What is required: Output every line below as it stands, dropping only the images.

Stored data:
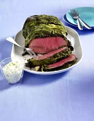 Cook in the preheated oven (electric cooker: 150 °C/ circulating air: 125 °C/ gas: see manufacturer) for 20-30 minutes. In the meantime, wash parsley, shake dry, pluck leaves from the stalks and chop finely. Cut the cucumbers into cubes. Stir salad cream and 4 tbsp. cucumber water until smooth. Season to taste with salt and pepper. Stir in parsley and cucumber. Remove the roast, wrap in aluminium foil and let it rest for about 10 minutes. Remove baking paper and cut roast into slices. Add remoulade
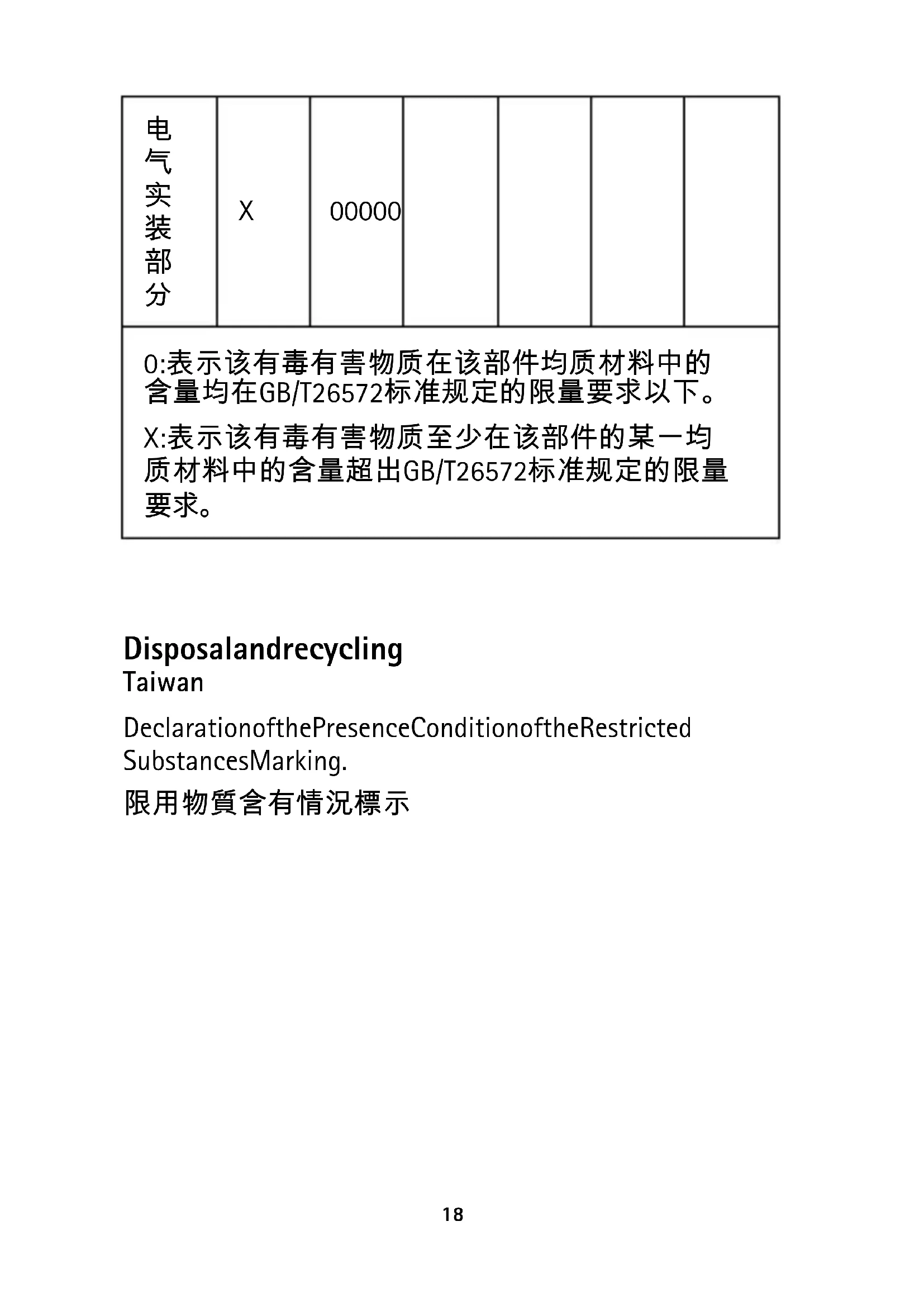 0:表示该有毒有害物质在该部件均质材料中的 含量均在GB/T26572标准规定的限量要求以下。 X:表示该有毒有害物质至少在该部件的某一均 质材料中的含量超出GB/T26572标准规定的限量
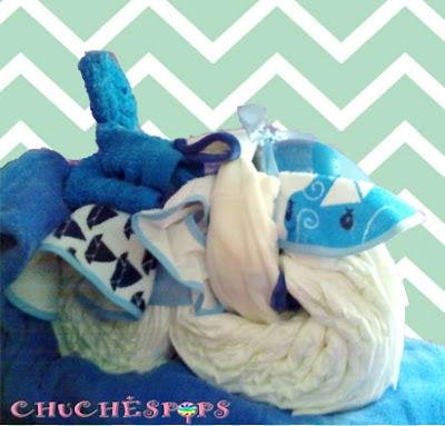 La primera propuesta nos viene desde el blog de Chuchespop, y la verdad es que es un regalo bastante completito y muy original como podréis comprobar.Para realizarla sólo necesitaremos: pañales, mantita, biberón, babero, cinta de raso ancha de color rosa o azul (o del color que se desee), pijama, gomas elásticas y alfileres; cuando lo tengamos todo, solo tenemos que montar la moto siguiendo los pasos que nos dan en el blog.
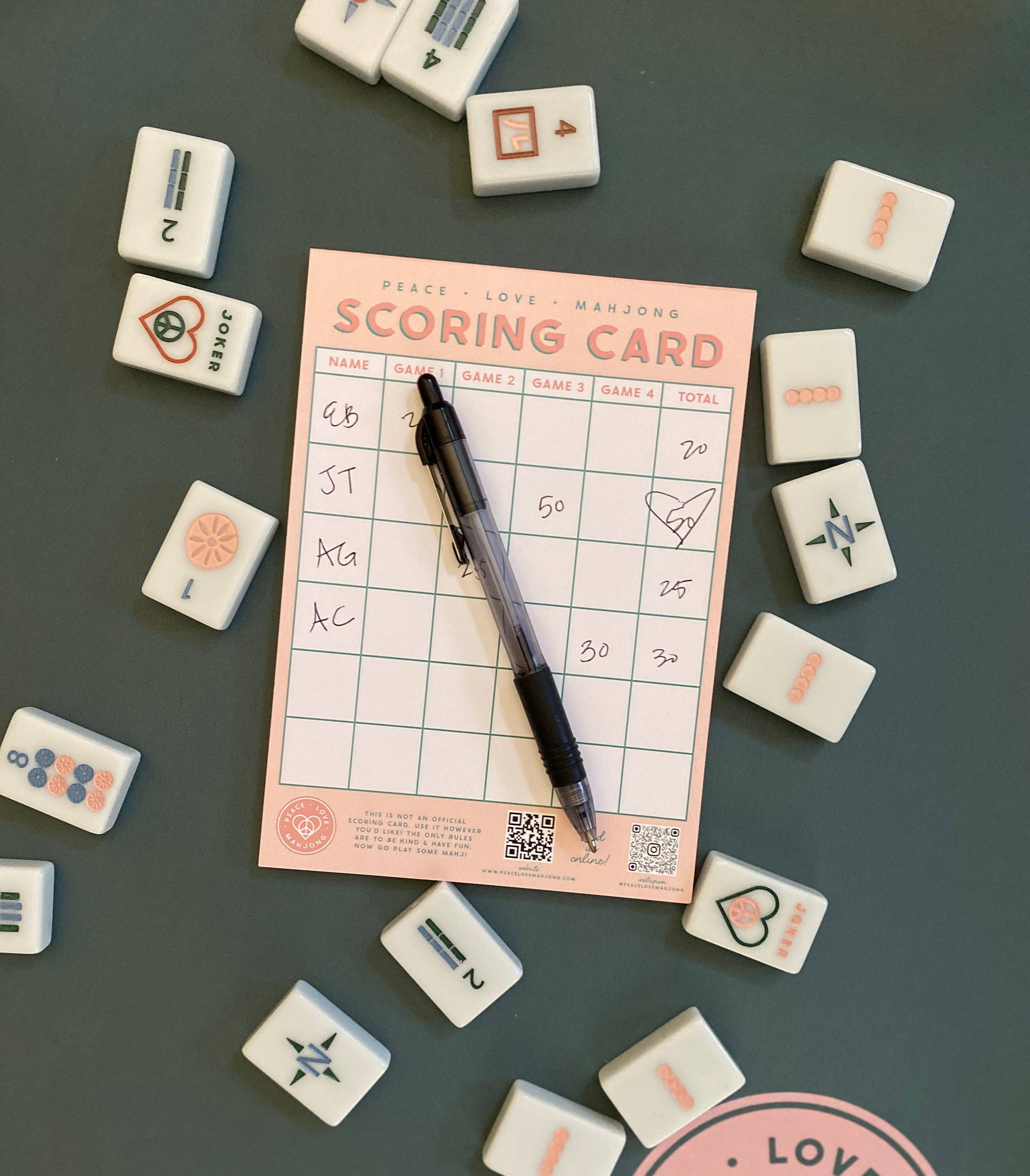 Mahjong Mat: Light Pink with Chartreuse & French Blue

Exercise result:
 Cook in the preheated oven (electric cooker: 150 °C/ circulating air: 125 °C/ gas: see manufacturer) for 20-30 minutes. In the meantime, wash parsley, shake dry, pluck leaves from the stalks and chop finely. Cut the cucumbers into cubes. Stir salad cream and 4 tbsp. cucumber water until smooth. Season to taste with salt and pepper. Stir in parsley and cucumber. Remove the roast, wrap in aluminium foil and let it rest for about 10 minutes. Remove baking paper and cut roast into slices. Add remoulade
 0:表示该有毒有害物质在该部件均质材料中的 含量均在GB/T26572标准规定的限量要求以下。 X:表示该有毒有害物质至少在该部件的某一均 质材料中的含量超出GB/T26572标准规定的限量
 La primera propuesta nos viene desde el blog de Chuchespop, y la verdad es que es un regalo bastante completito y muy original como podréis comprobar.Para realizarla sólo necesitaremos: pañales, mantita, biberón, babero, cinta de raso ancha de color rosa o azul (o del color que se desee), pijama, gomas elásticas y alfileres; cuando lo tengamos todo, solo tenemos que montar la moto siguiendo los pasos que nos dan en el blog.
 Mahjong Mat: Light Pink with Chartreuse & French Blue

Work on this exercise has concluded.